BEGIN RECORDED INFORMATION

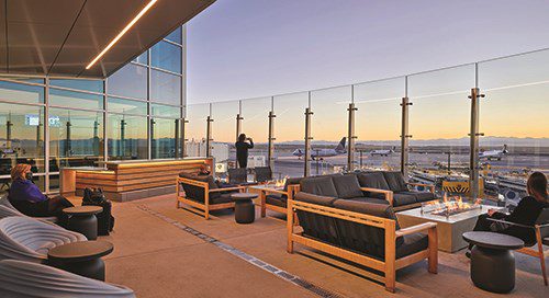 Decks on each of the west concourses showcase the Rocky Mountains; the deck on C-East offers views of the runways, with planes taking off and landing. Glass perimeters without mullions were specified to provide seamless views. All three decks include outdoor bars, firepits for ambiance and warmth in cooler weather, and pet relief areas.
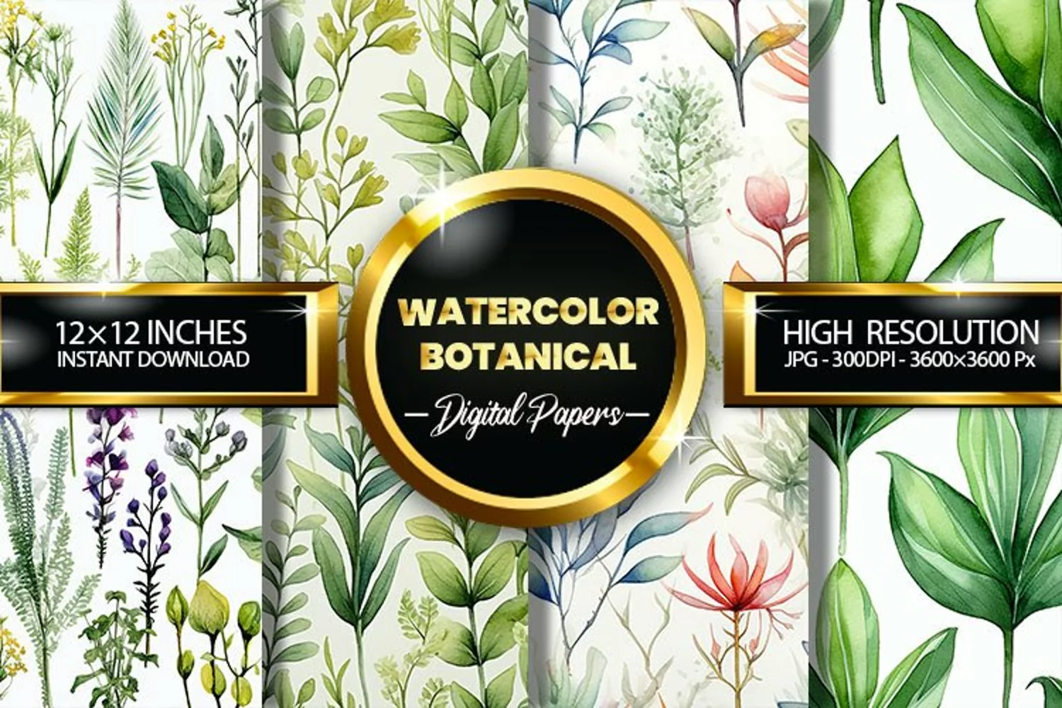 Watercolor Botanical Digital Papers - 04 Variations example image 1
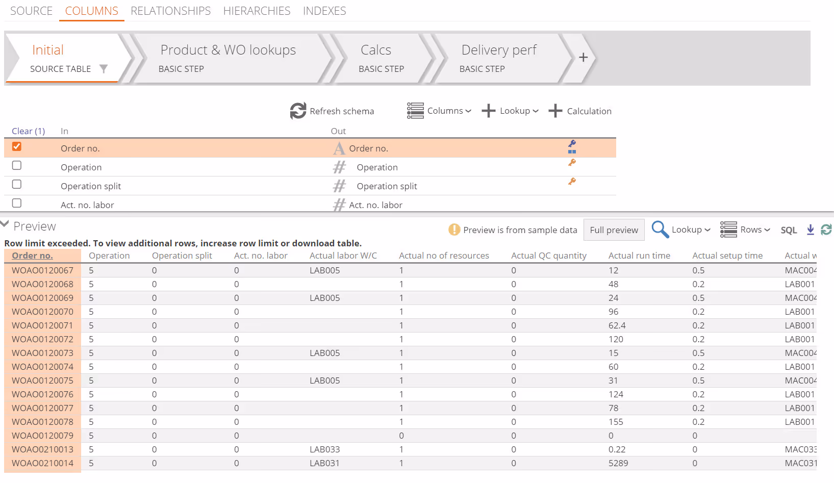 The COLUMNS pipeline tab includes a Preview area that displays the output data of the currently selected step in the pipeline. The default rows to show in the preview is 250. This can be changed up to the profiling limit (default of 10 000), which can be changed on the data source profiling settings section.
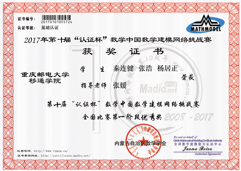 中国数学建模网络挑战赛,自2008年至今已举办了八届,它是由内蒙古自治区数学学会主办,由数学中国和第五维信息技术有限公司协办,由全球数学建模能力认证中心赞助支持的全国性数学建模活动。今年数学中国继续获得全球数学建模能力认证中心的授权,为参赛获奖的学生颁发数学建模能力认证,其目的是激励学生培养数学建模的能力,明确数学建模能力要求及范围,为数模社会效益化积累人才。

END RECORDED INFORMATION

If the listing above includes images, copy every line of it exactly except those images.

- [WRITTEN SOLUTION]:
 Decks on each of the west concourses showcase the Rocky Mountains; the deck on C-East offers views of the runways, with planes taking off and landing. Glass perimeters without mullions were specified to provide seamless views. All three decks include outdoor bars, firepits for ambiance and warmth in cooler weather, and pet relief areas.
 Watercolor Botanical Digital Papers - 04 Variations example image 1
 The COLUMNS pipeline tab includes a Preview area that displays the output data of the currently selected step in the pipeline. The default rows to show in the preview is 250. This can be changed up to the profiling limit (default of 10 000), which can be changed on the data source profiling settings section.
 中国数学建模网络挑战赛,自2008年至今已举办了八届,它是由内蒙古自治区数学学会主办,由数学中国和第五维信息技术有限公司协办,由全球数学建模能力认证中心赞助支持的全国性数学建模活动。今年数学中国继续获得全球数学建模能力认证中心的授权,为参赛获奖的学生颁发数学建模能力认证,其目的是激励学生培养数学建模的能力,明确数学建模能力要求及范围,为数模社会效益化积累人才。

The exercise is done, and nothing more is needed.